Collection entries
== Segment start ==

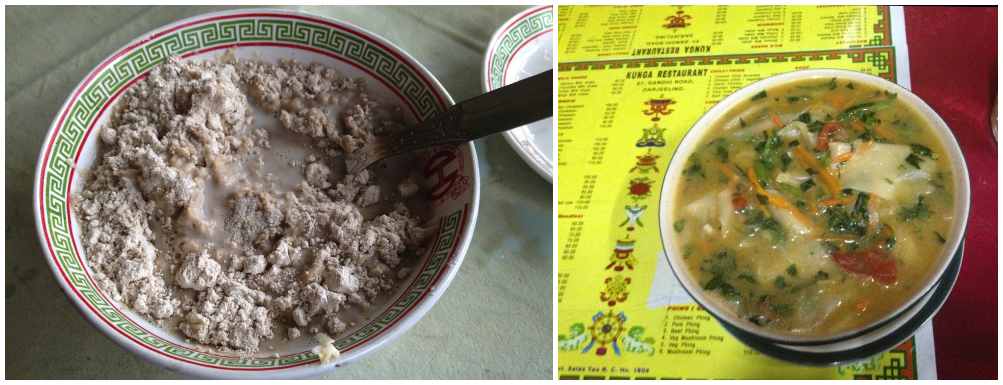 Tibetan food in Darjeeling. Tsampa (roasted barley flour porridge) with cheese and milk for breakfast and Thupka (noodle soup) for dinner.
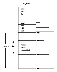 One of the problems of having many layers of network protocols, each one using the services of another, is that each protocol needs to add protocol headers and tails to data as it is transmitted and to remove them as it processes received data. This make passing data buffers between the protocols difficult as each layer needs to find where its particular protocol headers and tails are. One solution is to copy buffers at each layer but that would be inefficient. Instead, Linux uses socket buffers or sk_buffs to pass data between the protocol layers and the network device drivers. sk_buffs contain pointer and length fields that allow each protocol layer to manipulate the application data via standard functions or ``methods''.
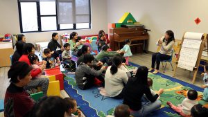 By Serena Yeh Medill Reports Around 20 young children, accompanied by their caregivers, sing and dance to both English and Mandarin nursery rhymes, listen to
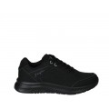 Corte realizado en material simil piel, con forro interior textil equipado con plantilla comfort feel con efecto memoria y extraíble, cierre mediante cordones y suela sintética con resistencia al deslizamiento en todo tipo de superficies.
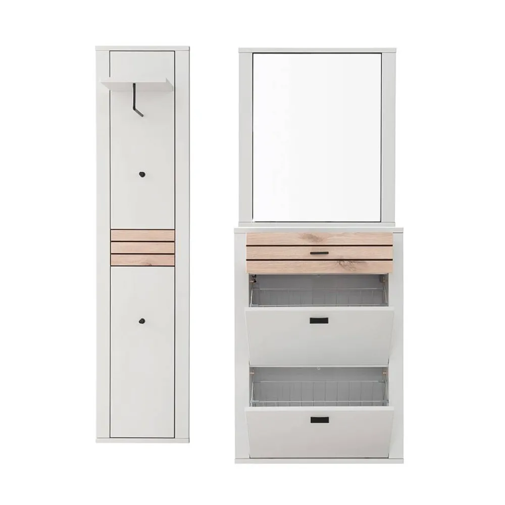 - Trendige Garderobenmöbel in Lichtgrau und Wildeichefarben
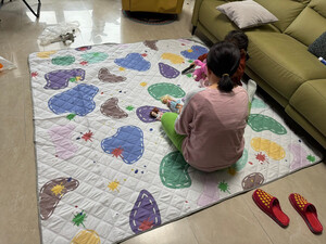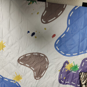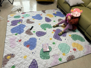 垫子很厚实,宝宝在上面玩玩具什么的很方便,带出去野餐也足够大,放水果零食都很百搭!颜色很卡通,舒服的配色,防水防尘,清理很方便。 质量非常好!方便收纳!比较厚实 坐着躺着都很舒服!这家的品质真的没话说!推荐购买。
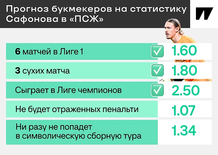Например, букмекеры полагали, что Сафонов максимум выйдет в шести матчах Лиги 1 – в итоге сыграл 10 раз. В Лиге чемпионов давали коэффициент 1.50 на то, что не появится вообще, но Луис Энрике выпустил дважды, в том числе против «Баварии».
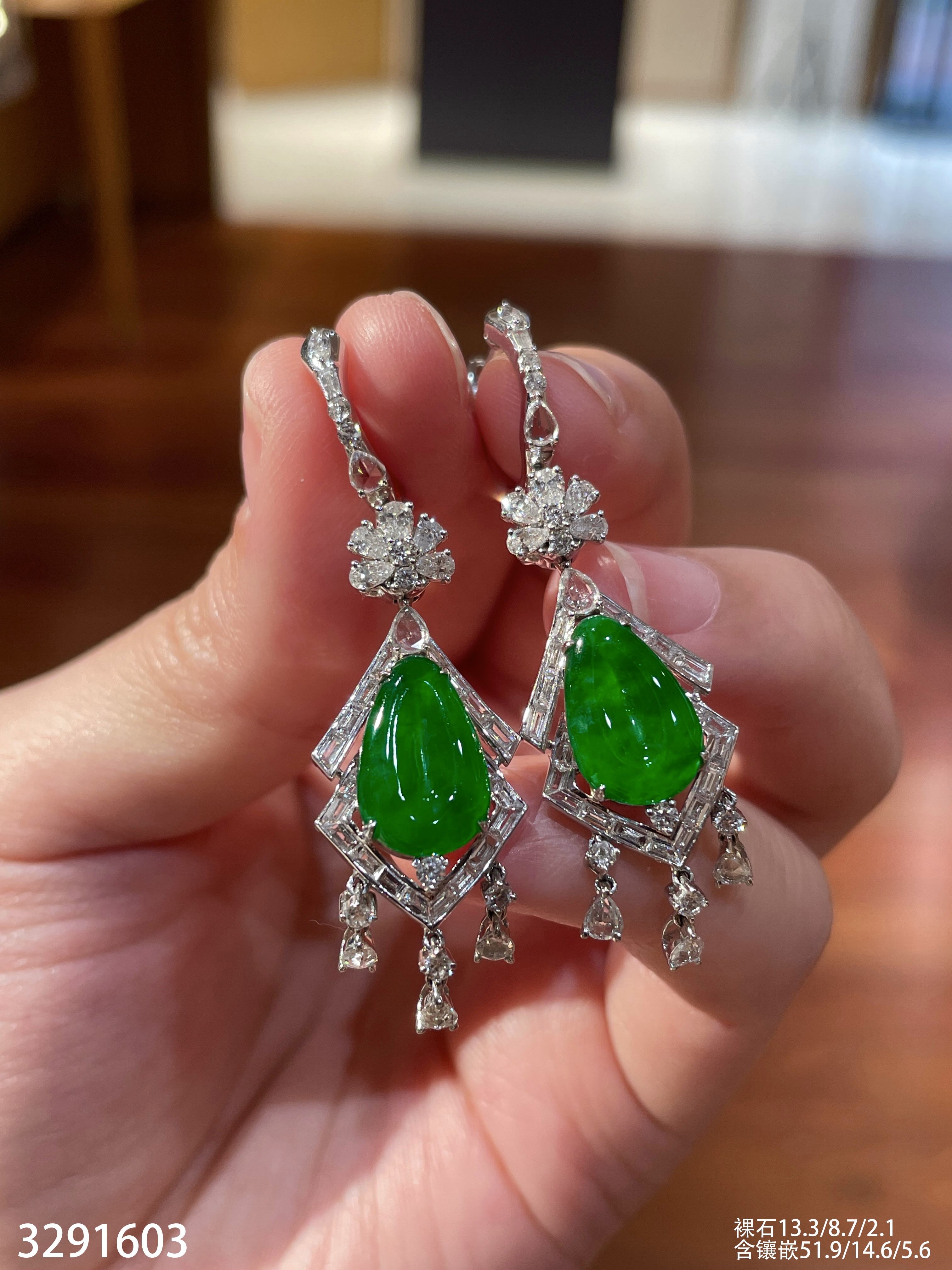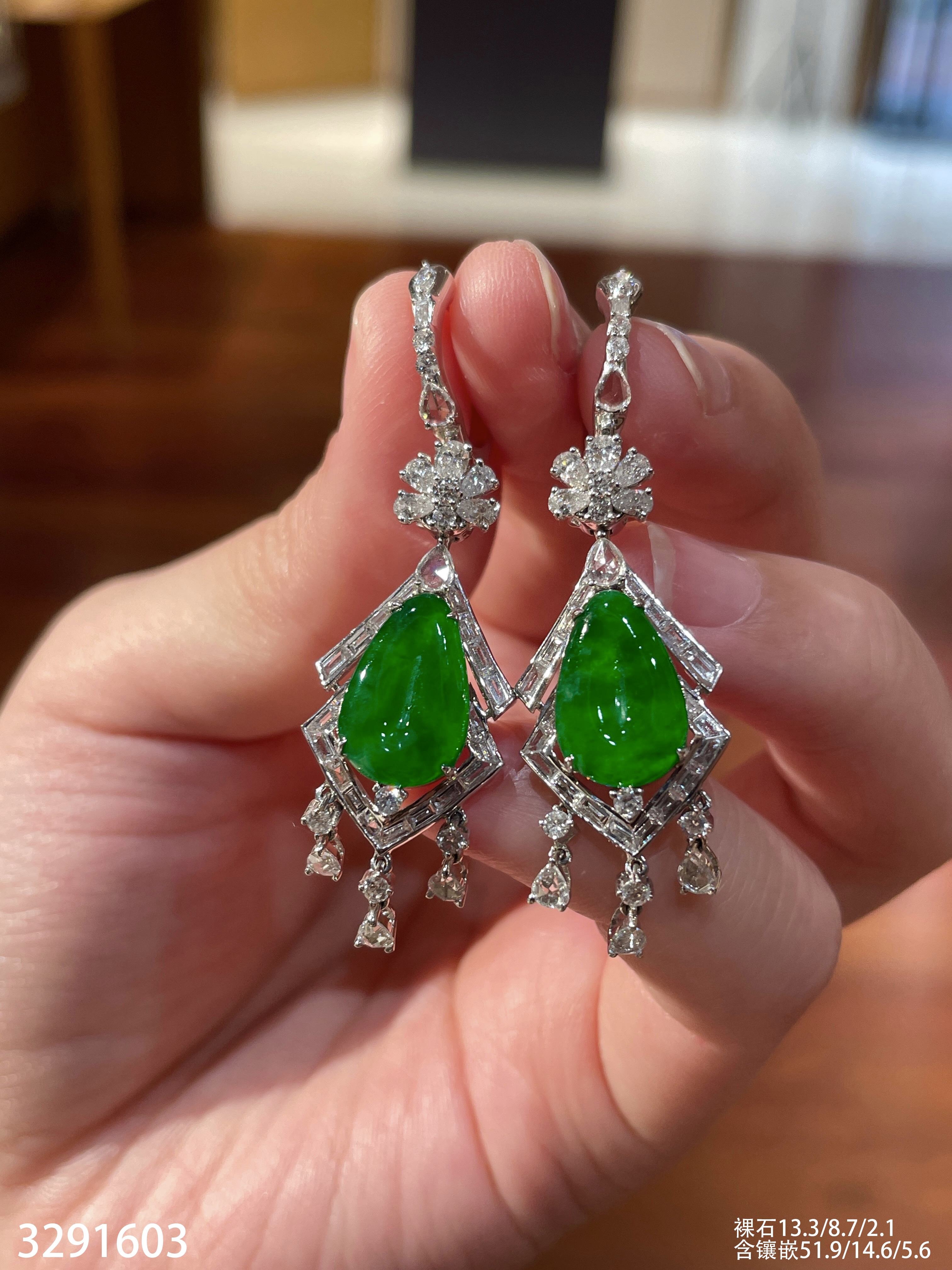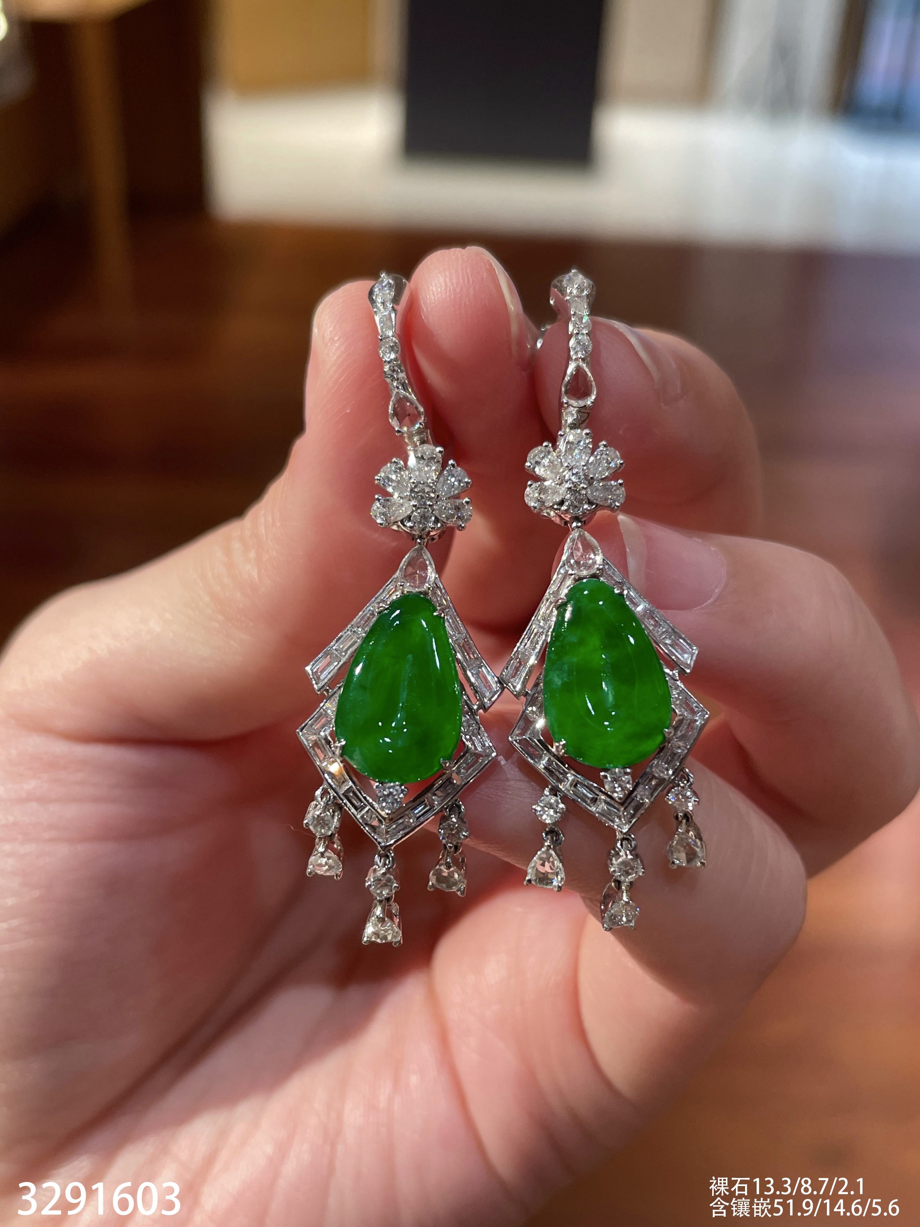 老坑冰帝王绿水滴耳坠 69999【3291603】
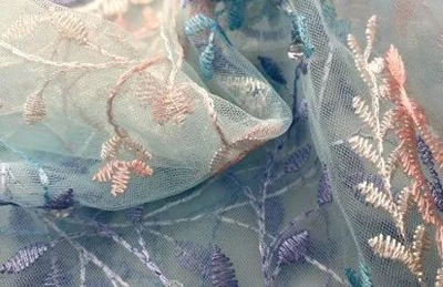 產品特點:運用柔軟的錦綸加密網紗刺繡,采用火腿紋的歐式花型設計,以淺色系的粉色、白色、淺藍、淺紫色作為配色。
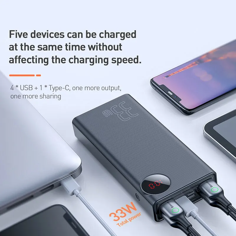 Special Offer Baseus 30000mAh Power Bank Quick Charge 3.0 Portable External Battery Charger Powerbank with QC3.0+PD3.0 Fast Phone Charger Discount 35% Today!

== Segment end ==

▸ PROBLEM DESCRIPTION
Omit all images when repeating the data above exactly.

▸ ANSWER SPACE
 Tibetan food in Darjeeling. Tsampa (roasted barley flour porridge) with cheese and milk for breakfast and Thupka (noodle soup) for dinner.
 One of the problems of having many layers of network protocols, each one using the services of another, is that each protocol needs to add protocol headers and tails to data as it is transmitted and to remove them as it processes received data. This make passing data buffers between the protocols difficult as each layer needs to find where its particular protocol headers and tails are. One solution is to copy buffers at each layer but that would be inefficient. Instead, Linux uses socket buffers or sk_buffs to pass data between the protocol layers and the network device drivers. sk_buffs contain pointer and length fields that allow each protocol layer to manipulate the application data via standard functions or ``methods''.
 By Serena Yeh Medill Reports Around 20 young children, accompanied by their caregivers, sing and dance to both English and Mandarin nursery rhymes, listen to
 Corte realizado en material simil piel, con forro interior textil equipado con plantilla comfort feel con efecto memoria y extraíble, cierre mediante cordones y suela sintética con resistencia al deslizamiento en todo tipo de superficies.
 - Trendige Garderobenmöbel in Lichtgrau und Wildeichefarben
 垫子很厚实,宝宝在上面玩玩具什么的很方便,带出去野餐也足够大,放水果零食都很百搭!颜色很卡通,舒服的配色,防水防尘,清理很方便。 质量非常好!方便收纳!比较厚实 坐着躺着都很舒服!这家的品质真的没话说!推荐购买。
Например, букмекеры полагали, что Сафонов максимум выйдет в шести матчах Лиги 1 – в итоге сыграл 10 раз. В Лиге чемпионов давали коэффициент 1.50 на то, что не появится вообще, но Луис Энрике выпустил дважды, в том числе против «Баварии».
 老坑冰帝王绿水滴耳坠 69999【3291603】
 產品特點:運用柔軟的錦綸加密網紗刺繡,采用火腿紋的歐式花型設計,以淺色系的粉色、白色、淺藍、淺紫色作為配色。
 Special Offer Baseus 30000mAh Power Bank Quick Charge 3.0 Portable External Battery Charger Powerbank with QC3.0+PD3.0 Fast Phone Charger Discount 35% Today!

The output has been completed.